The DA’s wider consultative policymaking process underscores the fact that policy discussion is no longer the sole domain of the ruling party and its alliance partners.
And thus the terrain of policy contestation remains volatile across the domestic political landscape.
Yet the DA insists its Eight Percent Growth Project holds the key: it argues SA’s woes would be solved by sustained, high and job-creating growth on the back of incentives for the private sector, rather than state intervention, while the high concentration of monopolies in key sectors and the state-owned enterprises would have to be addressed to boost competition so consumers could enjoy lower prices.
Under the banner of “stakeholder capitalism”, it seeks to get the poor and marginalised into the formal economy – with jobs identified as the top priority – in turn raising income levels to offset increasing social grants dependence, pull poor people out of poverty and provide redress for persistent apartheid-era inequalities.
In some ways it is a continuation of its “open opportunity society” policy platform adopted in 2010, which argued that every citizen would be provided with a minimum basic standard of quality services, or “a framework of choice”, to take advantage of “sustained, job-creating economic growth”, quality eduction and constitutional freedoms.
The current diagnostic review is framed largely in the negative, outlining with detailed statistics the failings of the current government – four ministers deal with economic matters, it points out – with regards to crumbling infrastructure, ineffective black economic empowerment and employment equity policies and a failing education system.
However, the Eight Percent Growth Project document holds policy nuggets.
On skills, it emphasises improved tertiary education and immigration reform to attract skills.
On the labour law front, it suggests a “pragmatic solution” to break the deadlock of “the high cost and administrative burden of dismissing unsuitable or unproductive employees” and getting young people into jobs by easing labour market rigidity.
It is understood the policy document proposes changes to specific clauses in various labour laws.
Red tape and costs linked to setting up businesses and delays in exports and imports must be cut – it is understood there will be detailed targets of how many days and documents it should take to import or export – while improving access to finance for entrepreneurs is highlighted as part of the effort to allow entry into the formal economy, reversing the trend of increasing informalisation.
Getting rid of bureaucracy to streamline infrastructure development is also proposed, while industrial development zones and BEE must be governed by incentives, rather than state intervention.
It rejects nationalisation of mines as unfeasible: as mines together have a market capitalisation of R1.9 trillion, it would cripple the economy, put at risk half a million jobs and do little to advance economic empowerment.

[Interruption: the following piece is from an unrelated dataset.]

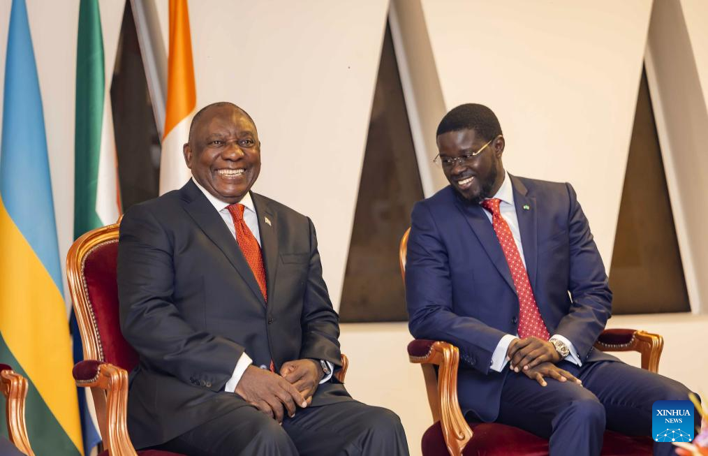 South African President Cyril Ramaphosa (L) meets with Senegalese President Bassirou Diomaye Faye during the opening ceremony of the 12th edition of the Africa CEO Forum in Abidjan, Cote d'Ivoire, May 12, 2025. The 12th edition of the Africa CEO Forum opened on Monday in Abidjan, under the theme "Can a New Deal Between the State and Private Sector Deliver the Continent a Winning Hand?" (Photo by Yvan Sonh/Xinhua)

Much of the diagnostic report, and the policy document, has been informed by the DA’s experience in government in the Western Cape, Cape Town and a plethora of other municipalities.
Next month the decision on whether policies will be adopted lies with the extended federal council, which includes the national leader, provincial leaders, chairpersons and financial officers, the parliamentary leader and chief whip, the CEO, the national finance and legal heads, a set number of MPs, MPLs and councillors and those representing the youth, women, overseas branches and regional caucuses where more than 80 000 votes were reached. Once adopted, the policies will be implemented where the DA governs.
Elsewhere in the country, these policies will be the bedrock of attracting voters to realise the DA dream of clinching power in the Northern Cape and Gauteng in 2014, and becoming the official opposition in places like KwaZulu-Natal on the road to national victory in 2019.
However, the question remains whether the DA can convince not only its members, regardless of their residential address, but also broader society that its wider approach to policy-making underscores its responsiveness to diverse support.